Waiting on bqjob_r65d6e288d1b49fe9_00000166f7fd602b_1 ... (0s) Current status: DONE
bq query --use_legacy_sql=false \
"CREATE TABLE test.person_encrypted (id INT64, name BYTES)"
Waiting on bqjob_r61cb90a9bc9bfc2a_00000166f7fd6eaf_1 ... (0s) Current status: DONE
Step 9: Use the Column keyset JSON string as a parameter to encrypt the data
We pass in the column encryption key JSON text as a parameter to BigQuery. I’m assume this is safe as bq utility will encrypt the data in transit to GCP. person_source records are encrypted and stored in the person_encrypted table.

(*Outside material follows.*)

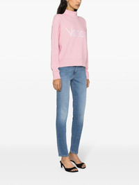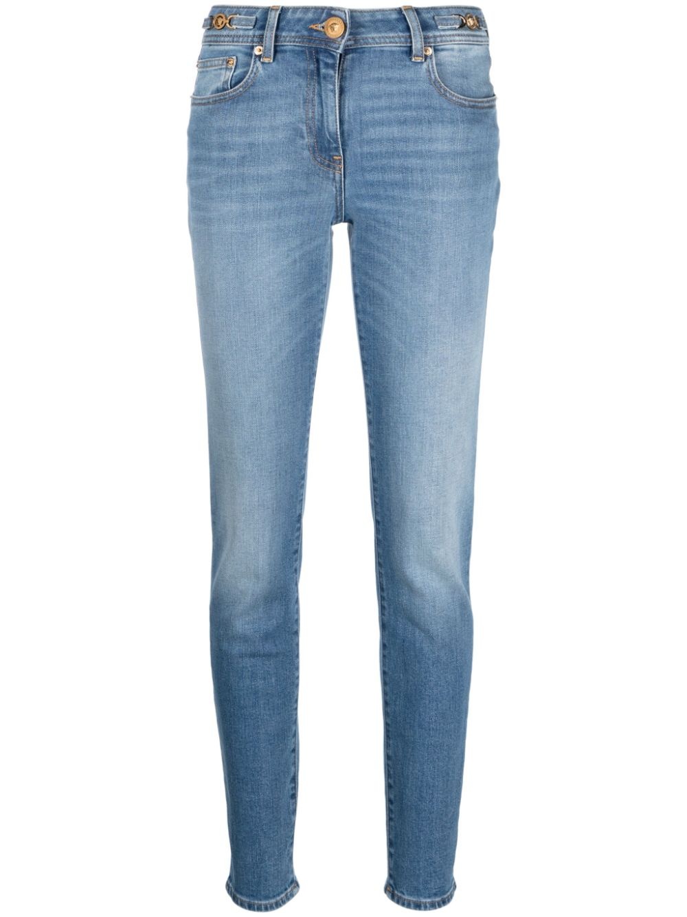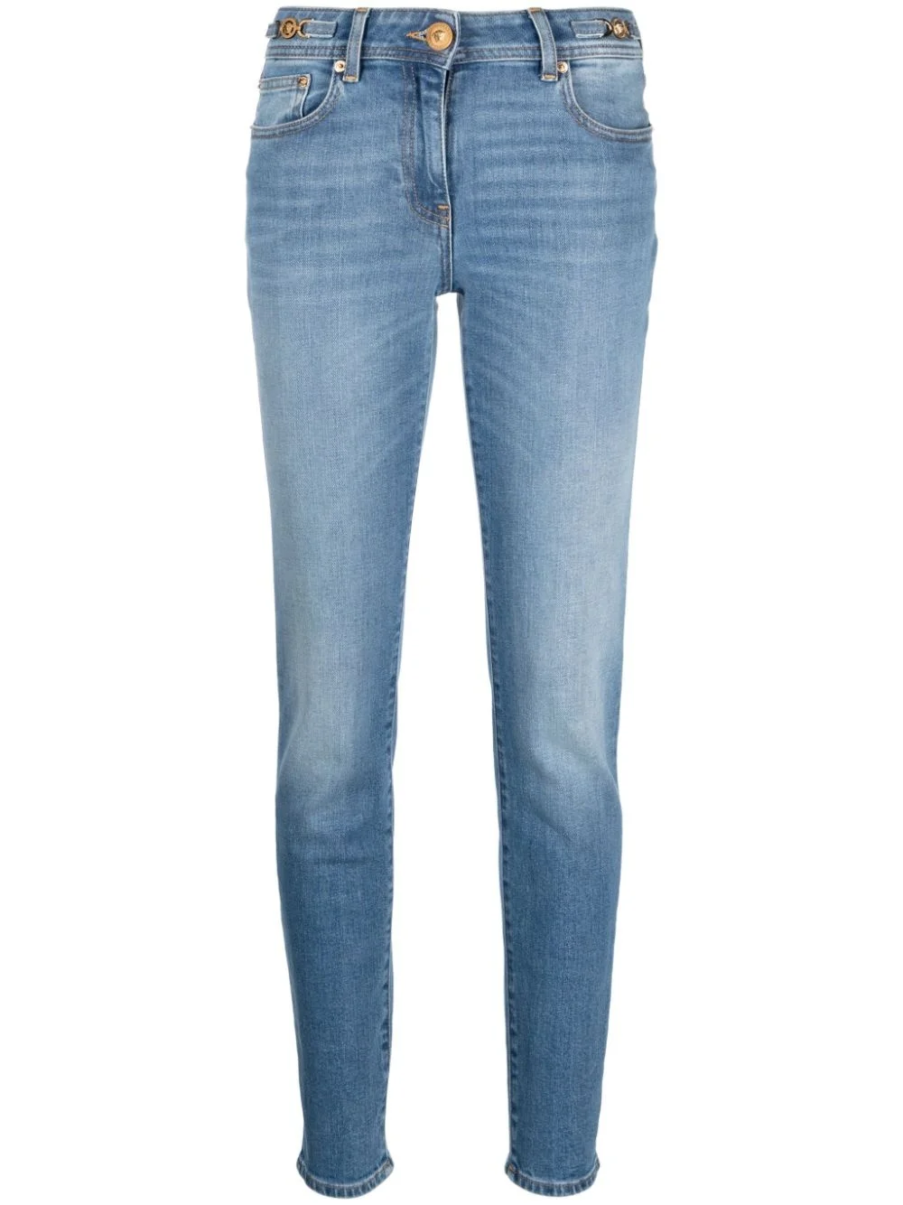 low-rise Medusa Head-motif skinny jeans Versace's Medusa Head is an archival emblem that reflects the brand's enduring heritage; it's reimagined as gold-tone metal hardware, decorating these jeans. The opulent embellishments are complemented by the 'V' logo belt loops for a more subtle take on branding. Highlights - Indigo blue - Stretch-cotton - Denim - Low-rise - Skinny cut - Tapered leg - Whiskering effect at the thighs - Medusa head motif - Logo patch to the rear - Contrast stitching - Belt loops - Front button and zip fastening - Classic five pockets - Straight hem - Gold-tone hardware Made in Italy Composition Lining: Polyester 65%, Cotton 35% Outer: Calf Leather 100%, Cotton 98%, Spandex/Elastane 2% SIZE & FIT Model measurements Height 5 ft 10 in(1.78 m) Bust/Chest 31.49 in(80 cm) Hips 35.03 in(89 cm) Waist 23.62 in(60 cm) FittingInformation Designed for a skinny fit, these jeans offer a close fit throughout Constructed from stretch denim, this piece offers a stretch fit with durability This piece fits true to size – take your usual size Washing instructions Machine Wash

bq query --use_legacy_sql=false \
--parameter=pKeysetJSON:string:{"key":[{"keyData":{"keyMaterialType":"SYMMETRIC","typeUrl":"type.googleapis.com/google.crypto.tink.AesGcmKey","value":"GiBwYd/0Nq59woCCMf7s1msmKFhMIfSceoHUX0Fl3LiNWw=="},"keyId":1869443697,"outputPrefixType":"TINK","status":"ENABLED"}],"primaryKeyId":1869443697} \
"INSERT INTO test.person_encrypted (id, name)
SELECT ps.id
, AEAD.ENCRYPT(ck.keyset, AEAD.ENCRYPT(pk.keyset, ps.name, ''), ck.keyset)
FROM test.person_source ps
JOIN test.person_keys pk ON (s.id = ps.id)
JOIN (SELECT KEYS.KEYSET_FROM_JSON(@pKeysetJSON) AS keyset) ck ON person_enc(1=1)"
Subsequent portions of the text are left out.